Согласно рекомендациям ВОЗ/МОГ (1999 г.) и ВНОК (2001 г.) при измерении АД необходимо соблюдать следующие условия: пациент должен находиться в положении сидя, в удобной позе, измерение проводится в покое после 5-минутного отдыха. Желательно исключить употребление кофе и крепкого чая (в течение часа перед исследованием), курение (в течение 30 мин.), применение симпатомиметиков (включая назальные и глазные капли). Манжету следует накладывать на плечо на уровне сердца так, чтобы ее нижний край располагался на 2 см выше локтевого сгиба. Резиновая часть манжеты должна составлять не менее 2/3 длины предплечья и не менее 3/4 окружности руки. Измерение АД на каждой руке следует проводить не менее 3 раз с интервалом не менее минуты, при этом за конечное АД принимается среднее из двух последних измерений. Воздух в манжету перед измерением быстро нагнетается до величины, превышающей систолическое АД на 30 мм рт.ст. (по исчезновению пульса), а скорость декомпрессии составляет 2 мм рт.ст. в секунду. При первичном осмотре давление определяется на обеих руках, в дальнейшем измерение производится на руке с более высоким АД. У пожилых пациентов (старше 65 лет), больных сахарным диабетом и получающих гипотензивную терапию также следует производить измерение АД в положении стоя - для исключения ортостатической гипотензии.

Методы измерения АД

Инвазивный (прямой) метод измерения АД применяется только в стационарных условиях при хирургических вмешательствах, когда введение в артерию пациента зонда с датчиком давления необходимо для контроля уровня давления. Преимуществом этого метода является то, что давление измеряется постоянно, отображаясь в виде кривой давление/время. Однако пациенты с инвазивным мониторингом АД требуют постоянного наблюдения из-за опасности развития тяжелого кровотечения в случае отсоединения зонда, образования гематомы или тромбоза в месте пункции, присоединения инфекционных осложнений.

Инвазивный

Большее распространение в клинической практике получили неинвазивные методы определения АД. В зависимости от принципа, положенного в основу их работы, различают пальпаторный, аускультативный и осциллометрический методы.

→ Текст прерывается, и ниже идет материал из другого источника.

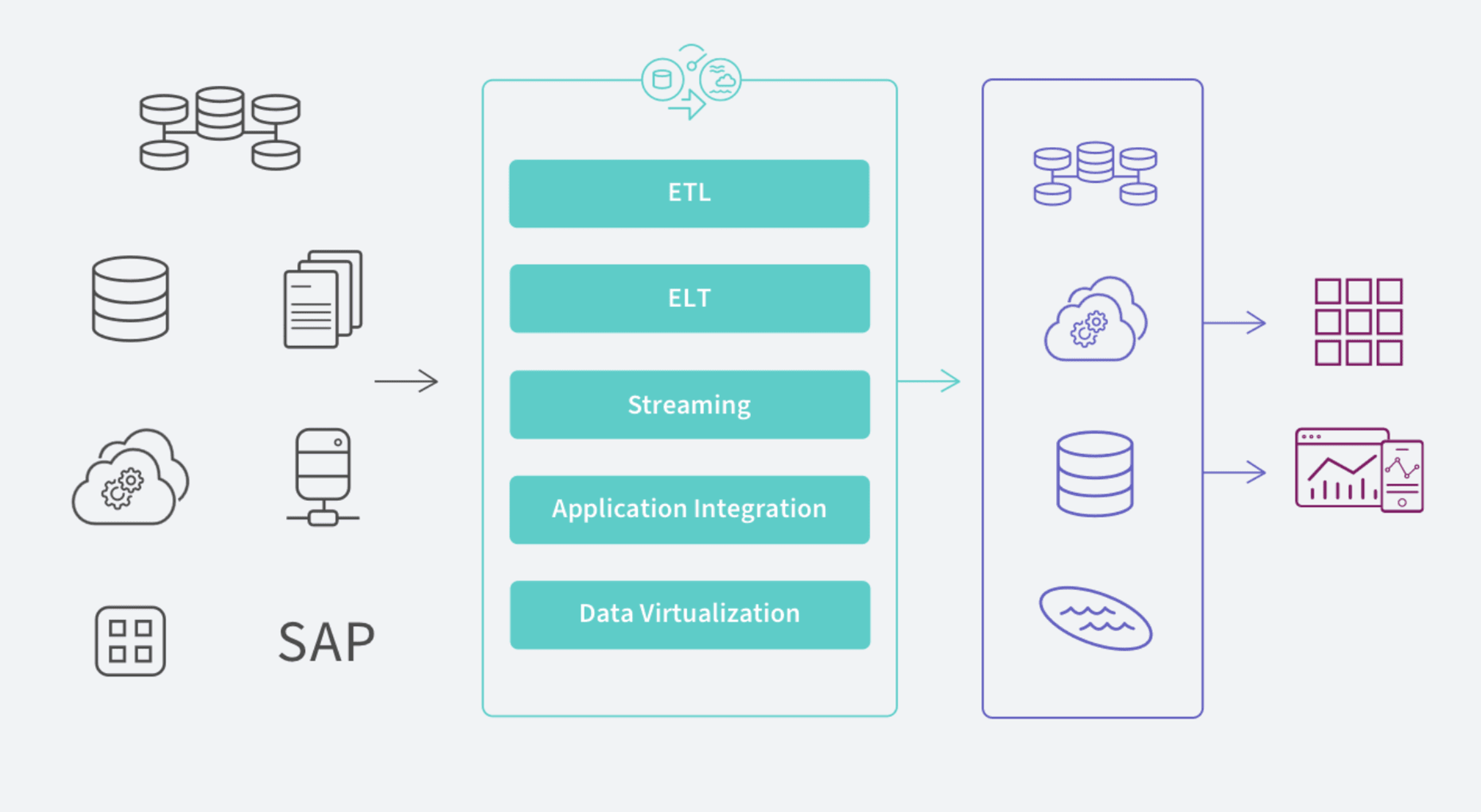 - Extract, Transform, Load (ETL): Extracts data from different sources into a staging application for transformation and then load it into a centralized repository, such as a data warehouse.

Пальпаторный метод предполагает постепенную компрессию или декомпрессию конечности в области артерии и пальпацию ее дистальнее места окклюзии. Один из первых аппаратов, предложенный в 1876 г. S. Basch, позволял определять систолическое АД. В 1896 г. S. Riva-Rocci предложил использовать охватывающую компрессионную манжету и вертикальный ртутный манометр для пальпаторного метода. Однако узкая манжета (шириной всего 4-5 см) приводила к завышению полученных значений АД до 30 мм рт.ст. Через 5 лет F. Recklinghausen увеличил ширину манжеты до 12 см и в таком виде этот метод существует до настоящего времени. Давление в манжете поднимается до полного прекращения пульса, а затем постепенно снижается. Систолическое АД определяется при давлении в манжете, при котором появляется пульс, а диастолическое - по моментам, когда наполнение пульса заметно снижается либо возникает кажущееся ускорение пульса (pulsus celer).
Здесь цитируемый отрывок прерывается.